Fun episode, but not my favorite though. I was suffering from some rather bad neck pain when it was on, however, so that definitely affected my ability to enjoy it.
Good points:
Rarity was a hilarious hypocrite (again). Her frayed relationship with Sweetie Belle is becoming one of my favorite things.
I loved the spa scene and seeing Dash's almost physical revulsion to girly frou-frou stuff. It's so rare to see the entire cast together being friends this season that I'll eat up any chance we get.
Trixie shout-out!
Smarty Pants callback! Very surprised they went with the fandom interpretation of Big Mac keeping her and fawning over her in private, but there it is.
Also, "Family Appreciation Day" and "Baby Cakes" callbacks. This episode was just loaded with continuity.
And, of course, Applejack's "Eeeeyup" and "nnnnnope," while Big Mac goes on a long, wordy rant. Good stuff.
The not so good:
Scootaloo confirmed for can't fly.
I think I see what people have been saying about the CMC not being so great when they're actually crusading. Aside from the fact that it made them do really mean things this week, there's a fundamental problem that the crusading often involves them forcing themselves to do things they don't really want to do in order to get their marks. That's a lot less engaging than, say, "Hearts and Hooves Day," where they do what they do because they like it. It is off-putting to see them be that obsessive to their detriment and everyone else's.
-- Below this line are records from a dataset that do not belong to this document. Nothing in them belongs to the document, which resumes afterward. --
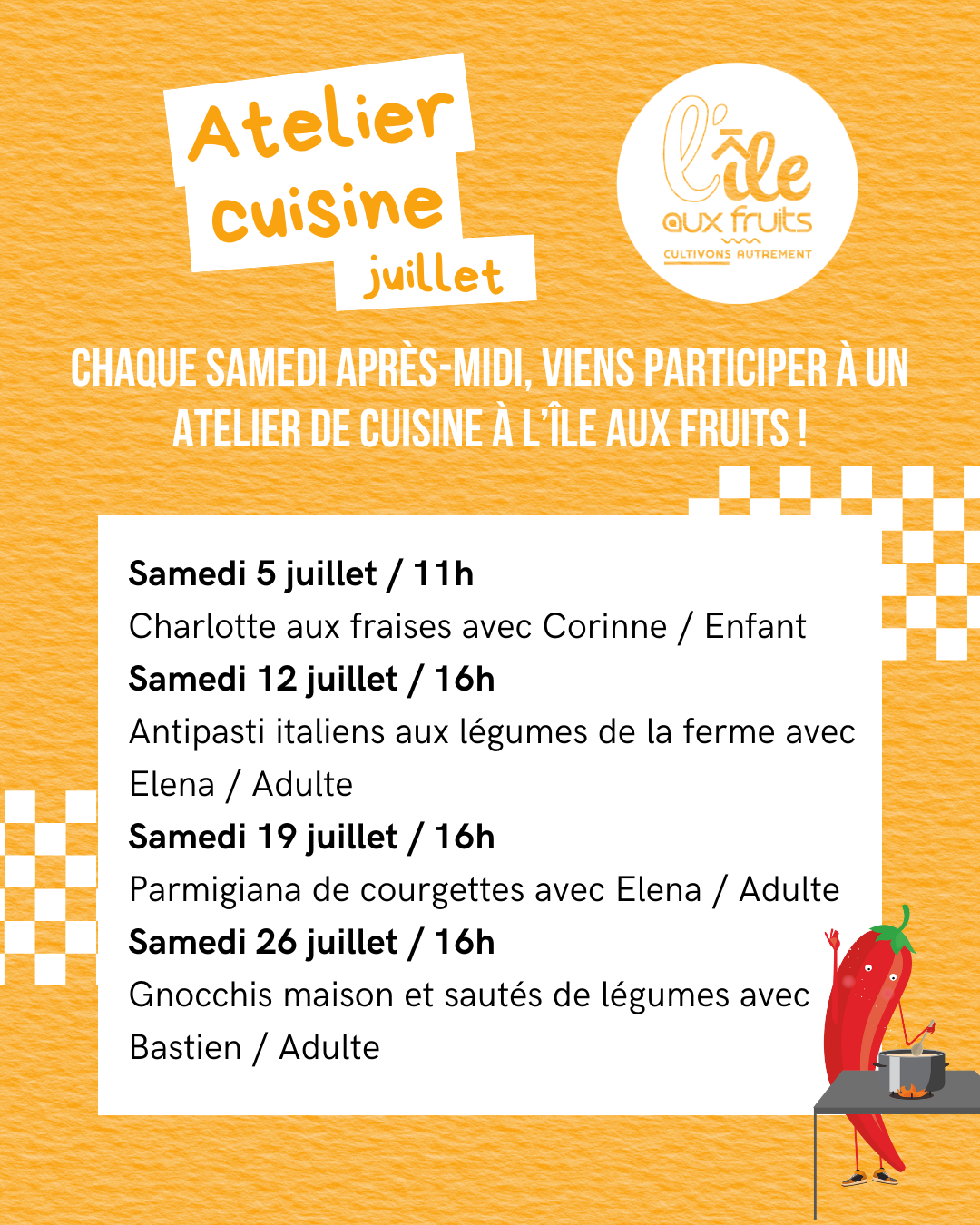 Le samedi à l’île aux fruits, pendant les beaux jours, c’est ouvert de 10h à 15h : tu peux venir prendre un bon café ou un petit déj’ en lisant le journal, les enfants peuvent faire une animation nature gratuite le matin, le midi on propose une nouvelle offre de restauration avec des frites, du poulet croustillant, des salades végétariennes, des pâtisseries…, et l’après-midi, c’est l’atelier cuisine !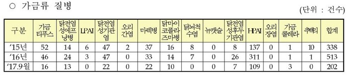 지난해 11월 이후 발생한 조류인플루엔자(AI) 발병으로 전남 영광, 고흥, 전북 군산, 경기 포천 등 지역을 중심으로 전체 가금류의 0.4%가 긴급 또는 예방적 살처분 됐다.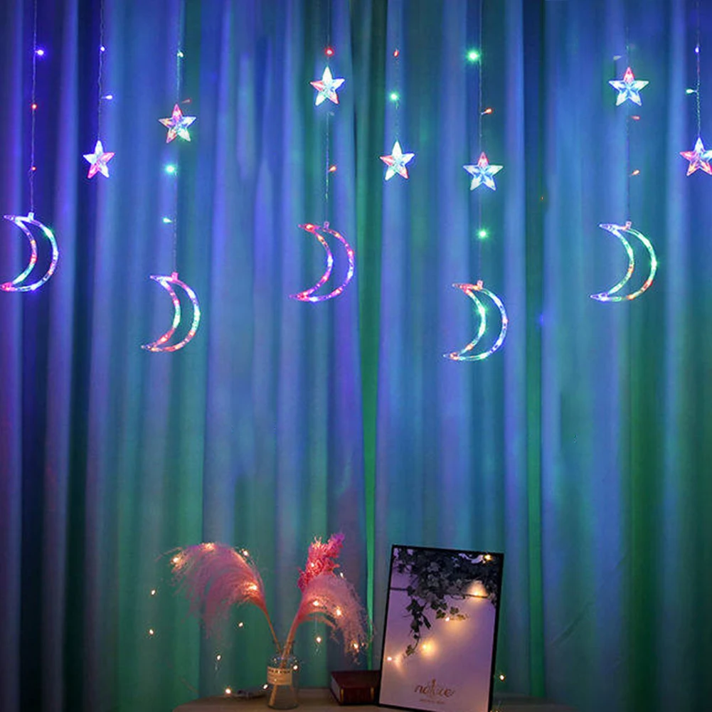 Светодиодный Шторы строка светильник с изображением луны и звезд, флэш-фея теплый белый многоцветная Лампа типа штепсельных вилок декоративный ночной Светильник для дома окно Рождественский Декор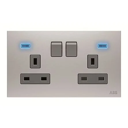 ABB Light Grey 2 Gang Plug Socket, 2 Poles, 13A, BS, Outdoor Use - 2CLA643729N1101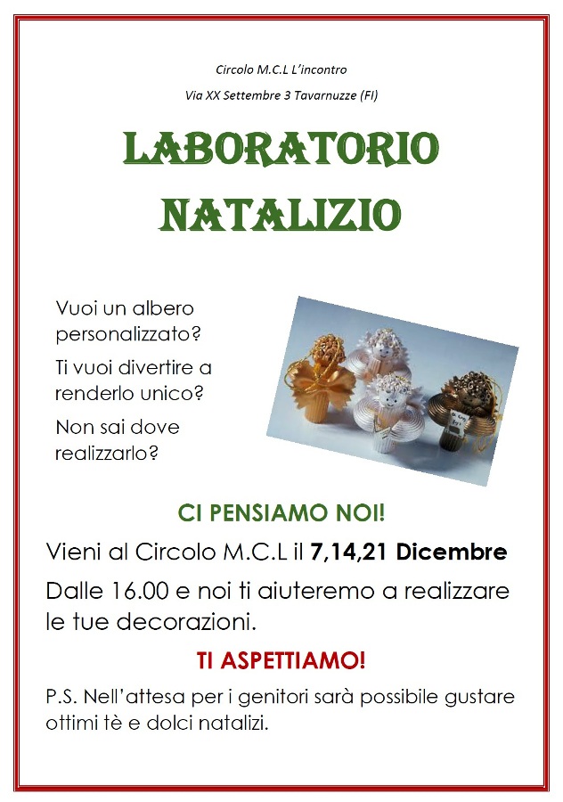 Sabato 21 dicembre dalle 16 alle 18 all'interno del circolo Mcl L'Incontro, Andrea e Eleonora allestiranno un laboratorio natalizio e aiuteranno i bambini a costruire decori di Natale. Nell'attesa per i genitori sarà possibile gustare ottimi tè e dolci natalizi.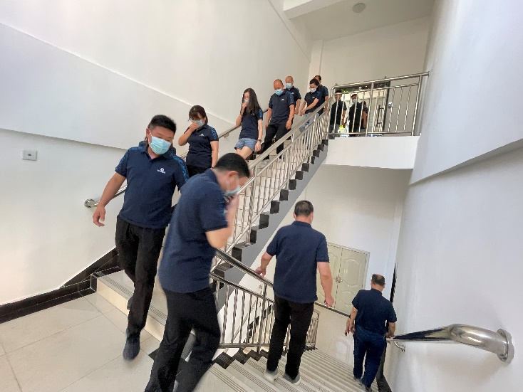 下午5點(diǎn),隨著總指揮陳總的一聲令下,警報拉響,消防安全演習(xí)正式開始。

This might be my physical discomfort affecting my attention span, but I though the episode felt kind of choppy, in terms of how they ended up on staff, writing a gossip column and having the paper become a town sensation.
I wasn't too hot on the ending where everypony shuns the CMCs until they apologize. I know the point the writers were making, but some of this seemed really immature. Twilight's reaction especially of sealing herself in a bubble; and she was the level-headed one earlier in the episode! Ultimately, the crusaders are still
kids and everypony affected are adults. In real life, somebody would step in and have a talk with them about what's happened and enforce some kind of rules, not let them continue to run amok and act all hurt and petulant when they do. This one of the (rare) downsides to being a moral-driven cartoon aimed at kids; it was designed to make a point about school gossip, and so points out in no uncertain terms that gossiping hurts other kids and that's bad...but since the CMC are the only well-developed child characters on the show, the writers roped the Mane 6 into being expy schoolchildren, and it just didn't gel.